Retail revenues were 11% ahead in the first quarter, but business was held back by a fire at the warehouse facility in Andover in February. There should be news about the recovery from the fire.
Morrison is helping Ocado out with its warehouse problem. Ocado will have sole use of the Erith facility until January 2021, after which Morrison will have a pre-agreed 30% of Erith’s capacity.
Ocado has developed a smart platform that can be used for other retail operations. It does not have to be food retail.
Last year, the solutions division increased its EBITDA loss from £6.6m to £17.9m, even though revenues rose from £106.2m to £123m. Revenues predominantly come from Morrison, although other deals have been done.
Of course, that reported loss does not take account of the investment that is being poured into the technology. Last year, capitalised investment in intangibles was £57.3m.

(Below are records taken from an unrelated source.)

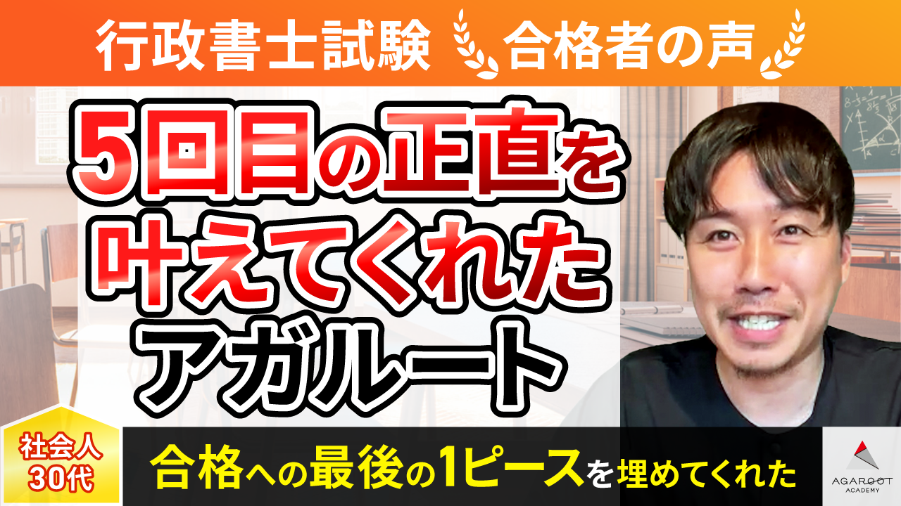 土地家屋調査士を受験する時に答練の受講をさせていただいたのですが、その際に使用した教材の質が高く、大いに力をつけさせていただき、試験に合格しました。その時にアガルートは信頼できる予備校だなと思いましたので、今回の行政書士試験の際も受講させていただきました。
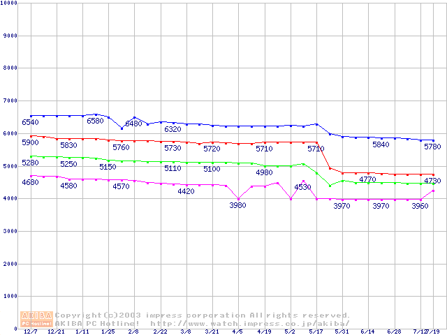 | [↑前グラフ]: | Socket 370 (FC-PGA,FSB 133MHz,L2 256KB,Coppermine)の最安値推移 |
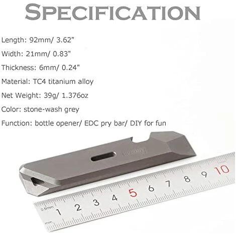 Mehrzweck. All-in-One-Design, dieses edc-Titan-Multitool enthält mehrere Funktionen und erfüllt verschiedene Situationen. Funktioniert als tragbarer Flaschenöffner, CM-Einheitswaage oder Dosenöffnerfunktion.
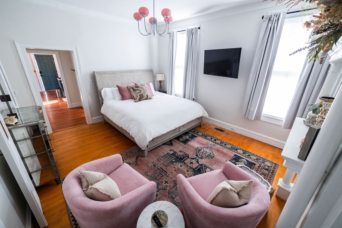 Phinda uvuselele kwiSerenity House! Iflethi ekumgangatho wesibini; amagumbi okulala amakhulu amathathu ane-SmartTV, ikhitshi elincinci, indawo yokusebenzela eneWiFi, igumbi lodaka neempahla kumgangatho wokuqala. Iyadi enkulu enemithi emikhulu enomthunzi ovuthiweyo okwingingqi ethe cwaka. Enye i-corgi kunye neekati ezimbini zihlala kule ndlu. Izilwanyana zasekhaya azivumelekanga ukuba zingene kumagumbi eendwendwe. Isidlo sakusasa esisemgangathweni sihanjiswa kwindawo esetyenziswa nangabanye abantu. Indawo yokungena yabucala, indawo yokupaka engaphandle kwesitrato iyafumaneka.
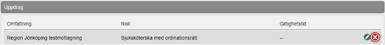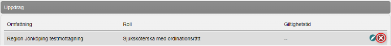 För att ta bort behörighet: Klicka på kryssikonen vid den behörighet du vill ta bort.

That figure is likely to rise with the development of the Zoom product.
The IFRS 15 accounting standard means that revenues will not be recognised prior to a deal going live. This does not affect cash flow, but it does mean that revenues will be lower and the reported loss will be higher.
More recent deals include one with New York Stock Exchange-listed retailer Kroger, where Ocado will eventually run 20 fulfilment centres. Australian retailer Coles online grocery business has signed up to the Ocado Smart Platform.
Other deals have been done with Groupe Casino in France, Bon Preu in Catalonia and Sobeys in Toronto.
The new JV will also generate technology revenues.
Ocado remains loss-making and although it had net cash of £102.2m at the beginning of March 2019. Ocado is receiving an initial £562.5m in cash from Marks & Spencer, but this will not be in the balance sheet at the end of the six month period. A further £187.5m is deferred for five years and is dependent on financial and operational conditions.
There is likely to be significant capital investment in tangible assets on top of the capitalised development of technology. That means that the cash outflow is set to continue.